■ **DATASET CONTENT**
[Start of Attachment]

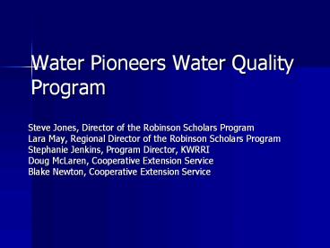 <Notice: Removed> Water Pioneers Water Quality Program PowerPoint PPT Presentation
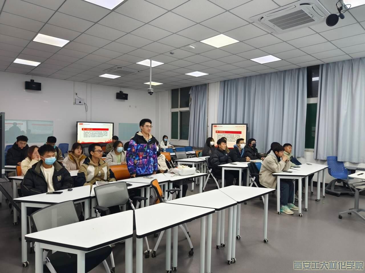 会上,学生干部柯硕带领学生一同学习国家宪法日的由来和意义,并带领与会同学共同学习了新时代全面依法治国取得的历史性成就,与会成员对如何提升当代大学生群体的法治素养展开了热烈的讨论。
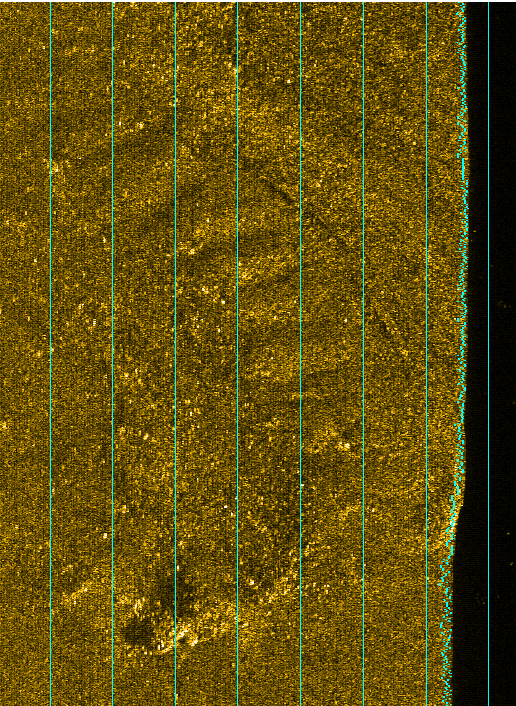 Here’s a “C” target that’s likely a couple of boulders, but still is different than the surrounding seabed.  The blue lines are 10 meters apart and we use them for measuring.
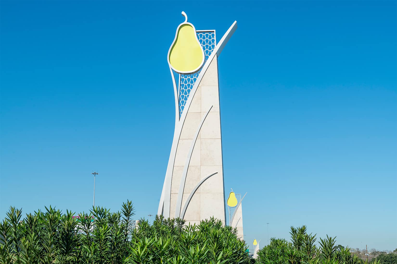 A popular transportation corridor linking downtown Houston to the Gulf Coast, SH 288 caters to a vast array of commuters, commercial trucking and travelers. It also provides direct access to The Texas Medical Center, the largest medical complex in the world. SH 288 transects Pearland, a vibrant and growing community southeast of Houston. In 2014, the Pearland Economic Development Corporation initiated a beautification master planning effort to develop a comprehensive city-wide branding and signage program, eliminate visual clutter, improve drainage, and enhance pedestrian and vehicular safety. Along SH 288, a series of 42’ tall monuments were designed to distinctively identify Pearland. A total of 16 monuments were installed at key intersections featuring custom designed, mixed materials of stone and metal, as well as a 9’8” lighted pear. Large fountains were designed and installed along the corridor, providing a dramatic arrival sequence at two of the city’s busiest intersections. Bounded by lush landscaping, shrubs, and trees, these key areas serve as a welcoming attribute for the once-barren spaces.

[End of Attachment]

■ **EXERCISE OBJECTIVE**
From the top of the listing above, repeat each line exactly until you reach the line containing "them for measuring.", and repeat that one too. Leave the pictures out.

■ **FINISHED TASK**
 <Notice: Removed> Water Pioneers Water Quality Program PowerPoint PPT Presentation
 会上,学生干部柯硕带领学生一同学习国家宪法日的由来和意义,并带领与会同学共同学习了新时代全面依法治国取得的历史性成就,与会成员对如何提升当代大学生群体的法治素养展开了热烈的讨论。
 Here’s a “C” target that’s likely a couple of boulders, but still is different than the surrounding seabed.  The blue lines are 10 meters apart and we use them for measuring.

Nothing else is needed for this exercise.